Blank nodes are basically the junk drawers of RDF. Though they are given some ‘dummy’ identifier within the model (such as genid:ARP129805), to identify them uniquely outside of the model in which they’re found makes little sense; the same as identifying a ‘junk drawer’ outside of an individual’s home makes little sense. We don’t want to give a blank node uniqueness outside of the model–because to do so, changes its meaning. It would be the same as formally identifying my junk drawer as “Shelley’s Junk Drawer”, which implies this same junk drawer will always be Shelley’s Junk Drawer, and my junk drawer will always be the one I have now. This just isn’t true. It is only my junk drawer now, in this time, in this place.

Within the model, an identifier not only makes sense, it’s an imperative; otherwise, we have no way of being to access this object consistently in the model. Usually, this is generated by whatever tool is used to build the model. And if two models are merged, whatever tool is used to manage this merging renames the blank nodes so that each is, again, unique within the new model. As before, though, this name isn’t of interest, in and of itself. It’s just a label, a convenience.

For some reason, blank nodes, or bnodes as they are commonly called, cause consternation in some folks who resist their use; saying that bnodes add unnecessary complexity to a model. After all, there’s no reason we can’t use something such as a fragment identifier (i.e. http://weblog.burningbird.net/somepost#someobject, ‘someobject’ being the fragment) to identify the node if it’s dependent on the model.
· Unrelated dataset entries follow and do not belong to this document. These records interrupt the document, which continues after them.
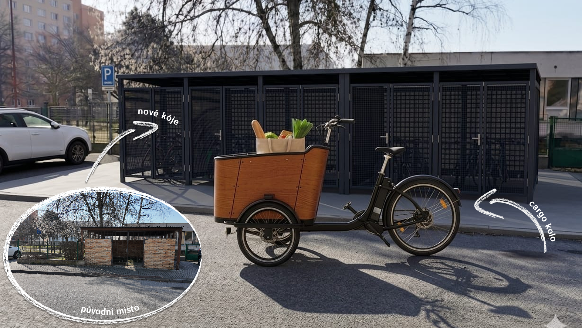 Proměňme starý kontejnerový přístřešek v moderní cyklokóje – bezpečné zázemí pro cargo kola, šikovné městské pomocníky.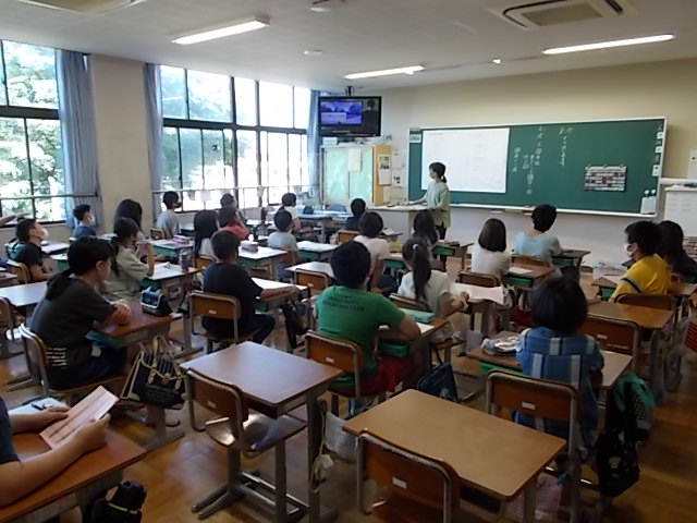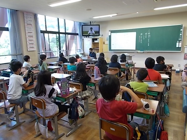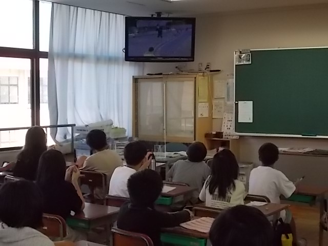 どの学級も、放送での校長先生、体育の先生、体育委員会の5・6年生のお話をしっかり聞く様子が見られました。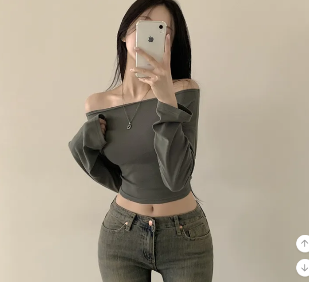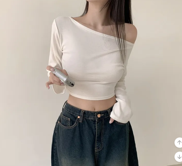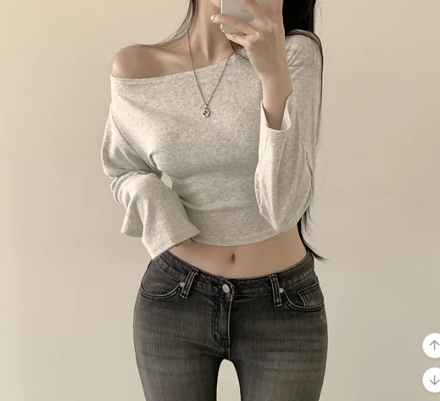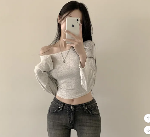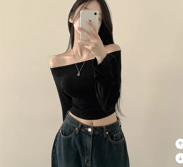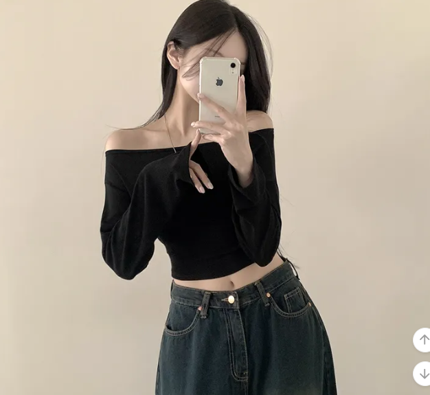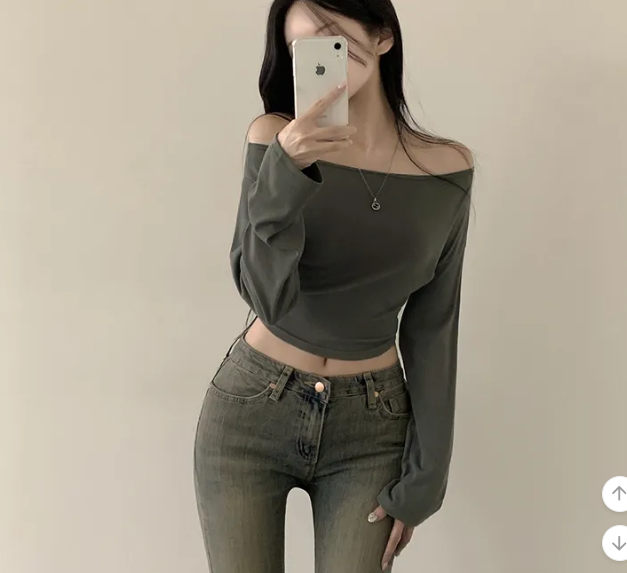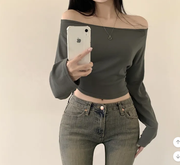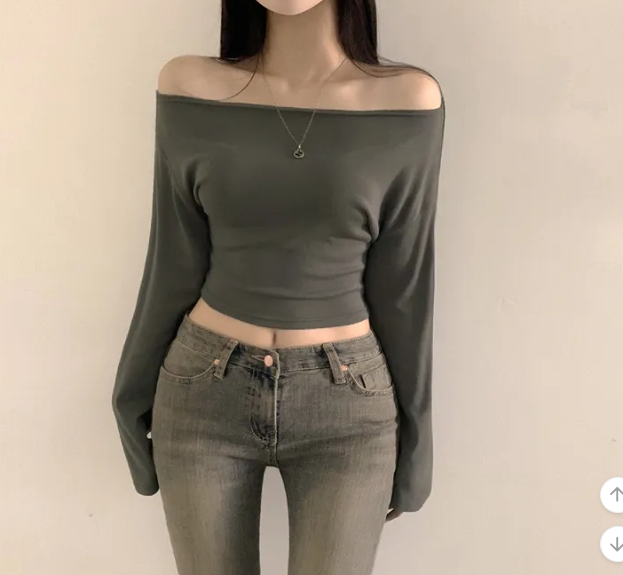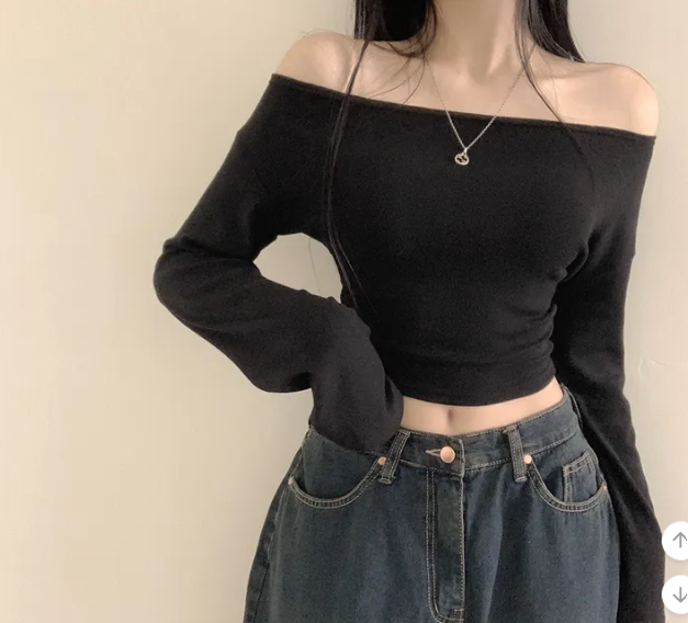 (•‾⌣‾•)露肩短款素色長袖衫💕富有彈性可以更顯瘦❤️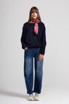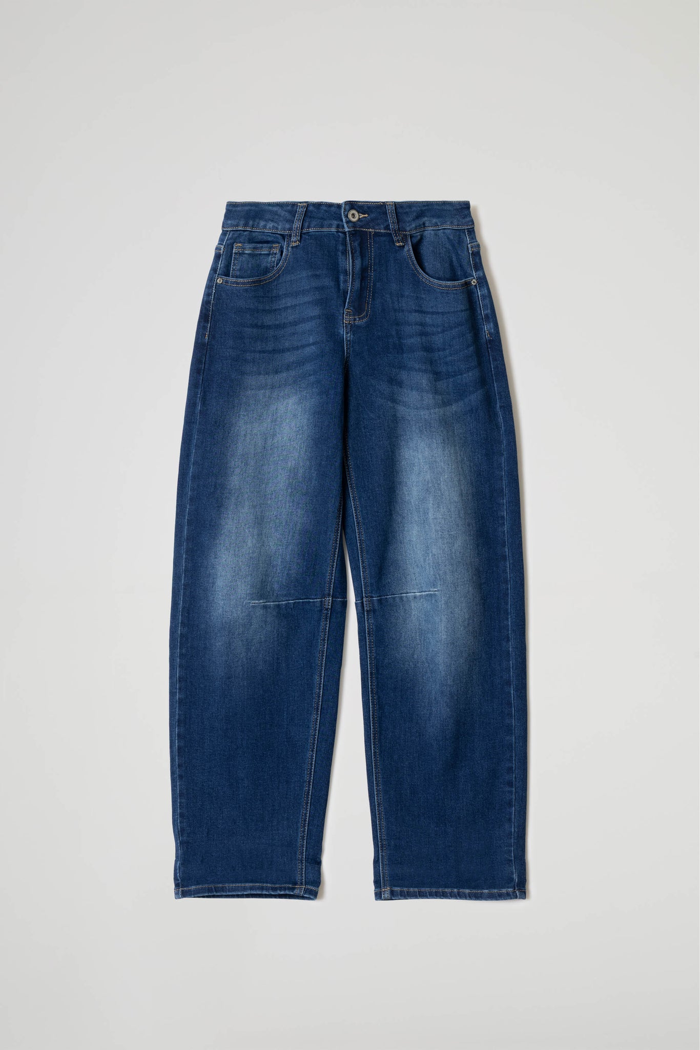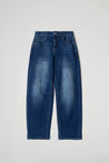 Slightly cropped stretch denim, faded wash, metal button and hidden zip fastening, five classic pockets including one coin pocket, horizontal stitching detail at the knees that gives a modern and structured touch.

However, to give a bnode an identifier that allows it to be uniquely identified outside of the context of the model would again change the meaning of the node–it is no longer a bnode, it is Something Else. To return to the analogy of the junk drawers, if I were to marry again someday, and my husband brought his junk drawer to our new home, and I brought mine, our home would then have two junk drawers: identified within this new context as Hubbie’s junk drawer and Shelley’s junk drawer. The latter wouldn’t be the same “Shelley’s junk drawer” I had when I was single; I would, however, treat it exactly the same.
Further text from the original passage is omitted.